A few weeks ago, we sat down with four IT, systems and audit experts to discuss SOX compliance and business systems. You can watch the full discussion on demand here — but one of the key takeaways was that, for our panelists, preparing their team was just as important as preparing their systems.
Systems and processes are important — but the people who will implement and maintain these systems and processes are arguably even more critical to success. Our panelists all agreed that alignment between teams, between departments and across the organization as a whole was critical to reducing stress around audits.
But what does that look like in practice? Our experts highlighted for four key areas:
Alignment goes deeper than just letting everyone in the company know about an upcoming audit. Management, internal audit teams and external audit teams all need to communicate in advance and agree on timelines and scope.
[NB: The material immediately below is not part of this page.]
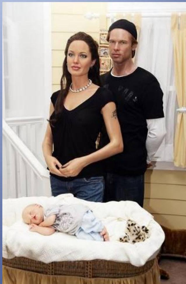
Анджелина Джоли и Бред Питт со своей дочерью в музее Мадам Тюссо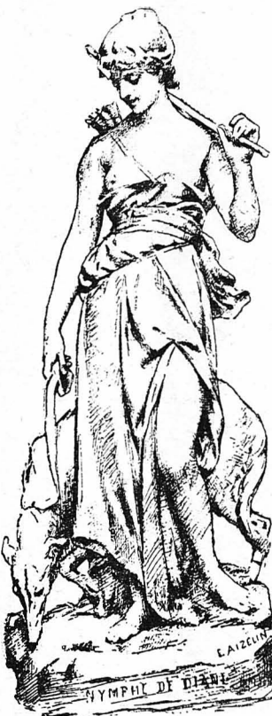
ΝΥΜΦΗ ΤΗΣ ΑΡΤΕΜΙΔΟΣ

Additionally, IT and Finance teams, led by their supporting management (whether it’s a Controller, CIO or Business Systems Director, etc.), should be looped into the process early, since they’ll be doing the technical work of building appropriate controls.
“Accounting and Finance are always generally aware of what it’s gonna take [to get compliant]” panelist Dave Witty told us. “It’s more difficult for the rest of the business, for example a Sales department that really doesn’t like controls… It can be a big shock to the rest of the organization.”
Financial systems compliance should never be owned by the same team that manages it day-to-day — people responsible for controls and approving changes shouldn't be the same people implementing those changes. Auditors will want to see that this segregation is enforced, both among management (ie, your CIO should not be leading your compliance program), and at the process level (whoever owns a financial system is not the same person reporting on it).
“In lots of organizations, NetSuite ends up falling under the CFO, because it’s a financial system. Auditors don’t want to see that,” Amy Carlson told us.
Our panelists recommended transitioning responsibility for your ERP from your finance department to a business systems or operations team that rolls up to IT. As well, the lead-up to an audit is an ideal time to conduct an access review — auditors will want to see that risks around Admin access, for example, are being mitigated properly.
3. Learning… and Teaching!
Like any complex process, knowing where to begin is arguably one of the most important aspects of your audit journey — but it can also be one of the trickiest. The best way to overcome this — one of the reasons we hosted this discussion in the first place — is to speak with others who have been through it before.
Talk to others — both systems leadership and auditors — to get a sense of what’s in scope and how the process will work. Then — and this part is critical — share that information with your team! The more informed everyone is, the better they’ll understand how their specific requirements fit into the big picture.
(It’s also a great idea to support this by building out a detailed calendar, with time built in for testing and reviewing your data. Bringing on board a project manager to oversee the process can be invaluable.)
Once you start building controls, you’ll likely find that the work involved in tracking material changes or implementing segregation of duties is more than your team can handle. And while you can hire additional people, the smarter and the more cost-effective way is to build automation into your processes.
All three of our panelists have used Strongpoint to do just that. “We use Strongpoint,” said panelist Christy Schwartz. “That’s really the only tool from a SOX compliance perspective... [it] has been incredibly helpful for NetSuite.”
Strongpoint helps public and pre-IPO companies automate the hardest parts of compliance, so IT teams can focus their efforts where they're needed most. We have plenty of resources on our site that go into greater detail about this. Some great places to start include our NetSuite and Salesforce SOX pages, the case study we prepared on Witty's previous company, ZoomInfo, and of course the panel webinar we've drawn much of this post from.
If there’s one key takeaway from this post, it’s that you need to start communication, planning, adoption and implementation as early as you can. Start by getting buy-in from management, then get your entire organization onboard. Look for gaps and determine what can be filled by new hires, and what can be filled by automation. And remember, compliance is an ongoing process — the work you do now to build smart controls and effective processes will mean easier audits for years to come.